Work to be completed: Return the data below exactly, minus the pictures.

Dataset content:
/---
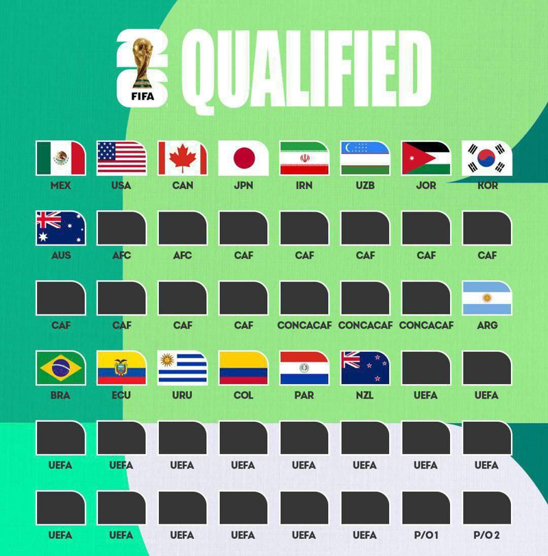 🚨🏆تیم‌هایی که تا این لحظه به جام جهانی 2026 صعود کردند.⭕️
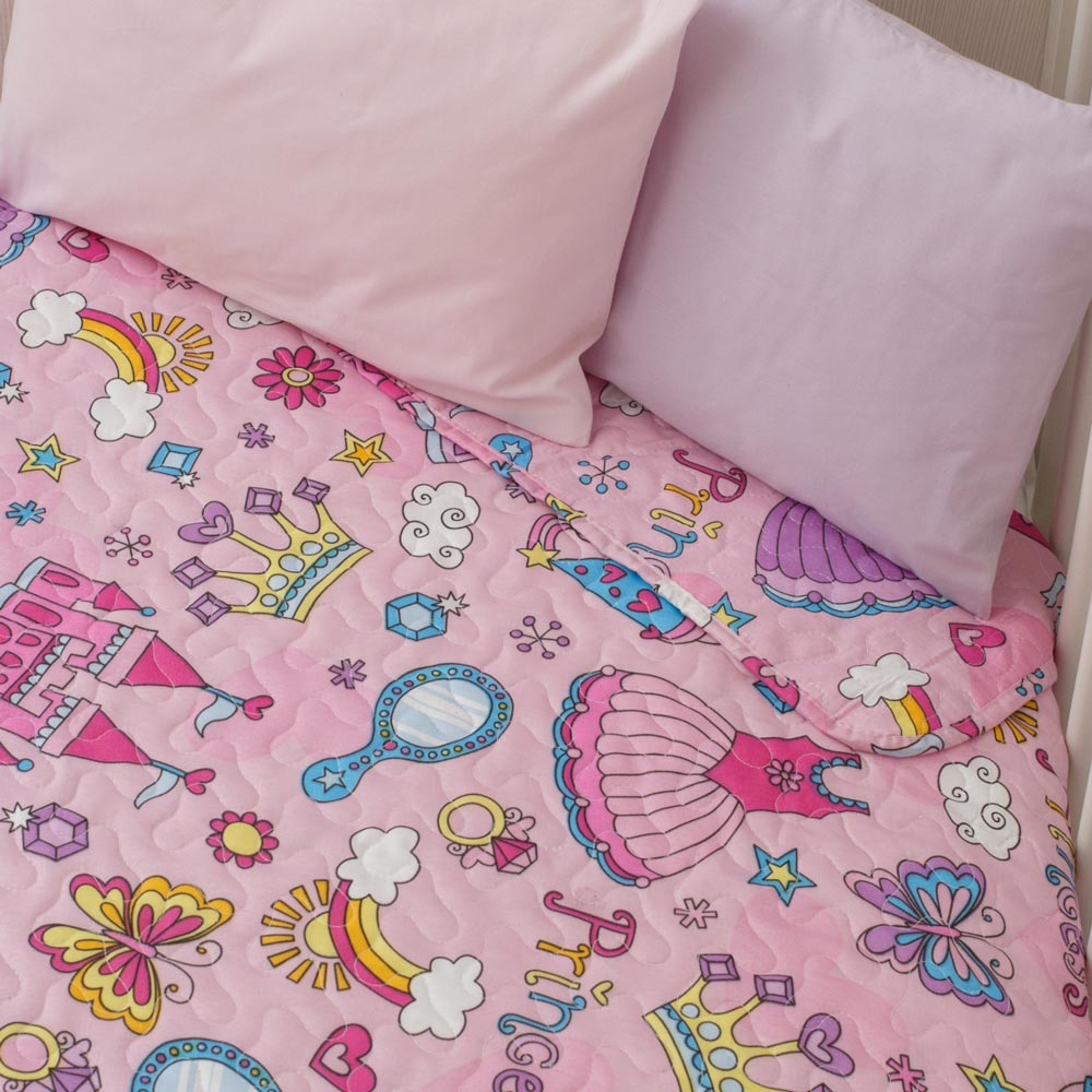 Κουβερλί κούνιας από ύφασμα microfiber, 100% πολυέστερ, εμπριμέ, με πριγκιπικά στοιχεία, με γραμμικό πολύγαζο σχέδιο.
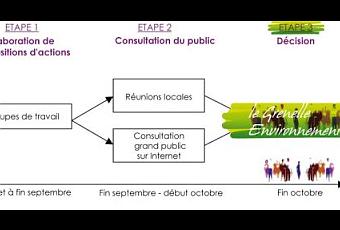 L'étape 2 de ce vaste programme vient tout juste de démarrer, consistant en une large consultation publique sur le web et lors de réunions de terrain autour de 8 grandes thématiques: Changements climatiques et énergie, Biodiversité et ressources naturelles, Instaurer un environnement respectueux de la santé, Production et consommation, Démocratie et gouvernance, Compétitivité et emploi, OGM et Déchets. Si vous souhaitez vous exprimez sur ces sujets, n'hésitez pas à vous rendre sur les forums dédiés avant le 12 octobre.
\---
Answer to this task:
 🚨🏆تیم‌هایی که تا این لحظه به جام جهانی 2026 صعود کردند.⭕️
 Κουβερλί κούνιας από ύφασμα microfiber, 100% πολυέστερ, εμπριμέ, με πριγκιπικά στοιχεία, με γραμμικό πολύγαζο σχέδιο.
 L'étape 2 de ce vaste programme vient tout juste de démarrer, consistant en une large consultation publique sur le web et lors de réunions de terrain autour de 8 grandes thématiques: Changements climatiques et énergie, Biodiversité et ressources naturelles, Instaurer un environnement respectueux de la santé, Production et consommation, Démocratie et gouvernance, Compétitivité et emploi, OGM et Déchets. Si vous souhaitez vous exprimez sur ces sujets, n'hésitez pas à vous rendre sur les forums dédiés avant le 12 octobre.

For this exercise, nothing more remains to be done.